Full-text search for arXiv

2 article(s) in total. 10 co-authors, from 1 to 2 common article(s). Median position in authors list is 6,5.

[1] oai:arXiv.org:1204.4180 [pdf] - 1118094

Construction of a Calibrated Probabilistic Classification Catalog: Application to 50k Variable Sources in the All-Sky Automated Survey

Richards, Joseph W.; Starr, Dan L.; Miller, Adam A.; Bloom, Joshua S.; Butler, Nathaniel R.; Brink, Henrik; Crellin-Quick, Arien

Comments: 56 pages, 15 figures, 8 tables, submitted. The Machine-learned ASAS Classification Catalog is available at http://www.bigmacc.info

Submitted: 2012-04-18, last modified: 2012-04-24

With growing data volumes from synoptic surveys, astronomers must become more abstracted from the discovery and introspection processes. Given the scarcity of follow-up resources, there is a particularly sharp onus on the frameworks that replace these human roles to provide accurate and well-calibrated probabilistic classification catalogs. Such catalogs inform the subsequent follow-up, allowing consumers to optimize the selection of specific sources for further study and permitting rigorous treatment of purities and efficiencies for population studies. Here, we describe a process to produce a probabilistic classification catalog of variability with machine learning from a multi-epoch photometric survey. In addition to producing accurate classifications, we show how to estimate calibrated class probabilities, and motivate the importance of probability calibration. We also introduce a methodology for feature-based anomaly detection, which allows discovery of objects in the survey that do not fit within the predefined class taxonomy. Finally, we apply these methods to sources observed by the All Sky Automated Survey (ASAS), and unveil the Machine-learned ASAS Classification Catalog (MACC), which is a 28-class probabilistic classification catalog of 50,124 ASAS sources. We estimate that MACC achieves a sub-20% classification error rate, and demonstrate that the class posterior probabilities are reasonably calibrated. MACC classifications compare favorably to the classifications of several previous domain-specific ASAS papers and to the ASAS Catalog of Variable Stars, which had classified only 24% of those sources into one of 12 science classes. The MACC is publicly available at http://www.bigmacc.info.

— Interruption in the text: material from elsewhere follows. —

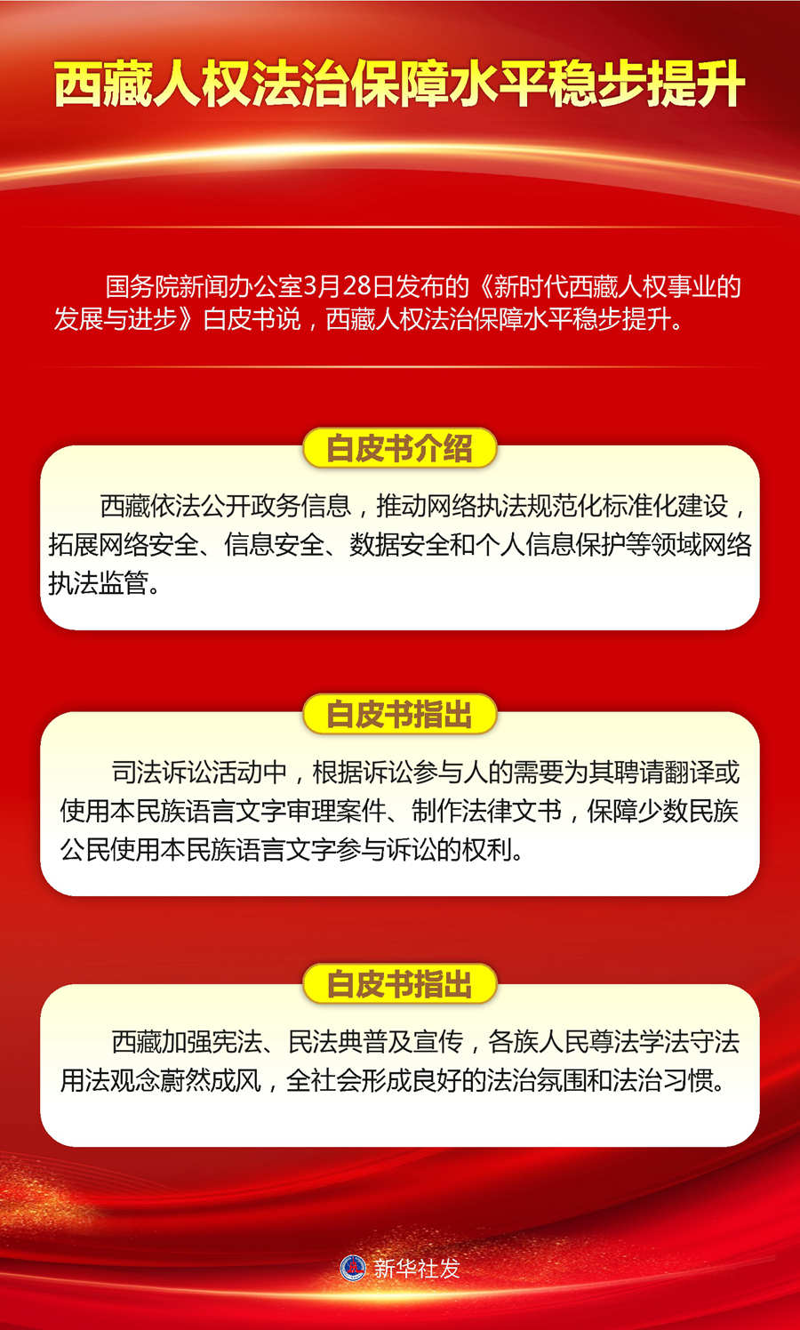 國務(wù)院新聞辦公室28日發(fā)布的《新時(shí)代西藏人權(quán)事業(yè)的發(fā)展與進(jìn)步》白皮書說,西藏人權(quán)法治保障水平穩(wěn)步提升。

[2] oai:arXiv.org:1101.1959 [pdf] - 955957

On Machine-Learned Classification of Variable Stars with Sparse and Noisy Time-Series Data

Richards, Joseph W.; Starr, Dan L.; Butler, Nathaniel R.; Bloom, Joshua S.; Brewer, John M.; Crellin-Quick, Arien; Higgins, Justin; Kennedy, Rachel; Rischard, Maxime

Comments: 23 pages, 9 figures

Submitted: 2011-01-10

With the coming data deluge from synoptic surveys, there is a growing need for frameworks that can quickly and automatically produce calibrated classification probabilities for newly-observed variables based on a small number of time-series measurements. In this paper, we introduce a methodology for variable-star classification, drawing from modern machine-learning techniques. We describe how to homogenize the information gleaned from light curves by selection and computation of real-numbered metrics ("feature"), detail methods to robustly estimate periodic light-curve features, introduce tree-ensemble methods for accurate variable star classification, and show how to rigorously evaluate the classification results using cross validation. On a 25-class data set of 1542 well-studied variable stars, we achieve a 22.8% overall classification error using the random forest classifier; this represents a 24% improvement over the best previous classifier on these data. This methodology is effective for identifying samples of specific science classes: for pulsational variables used in Milky Way tomography we obtain a discovery efficiency of 98.2% and for eclipsing systems we find an efficiency of 99.1%, both at 95% purity. We show that the random forest (RF) classifier is superior to other machine-learned methods in terms of accuracy, speed, and relative immunity to features with no useful class information; the RF classifier can also be used to estimate the importance of each feature in classification. Additionally, we present the first astronomical use of hierarchical classification methods to incorporate a known class taxonomy in the classifier, which further reduces the catastrophic error rate to 7.8%. Excluding low-amplitude sources, our overall error rate improves to 14%, with a catastrophic error rate of 3.5%.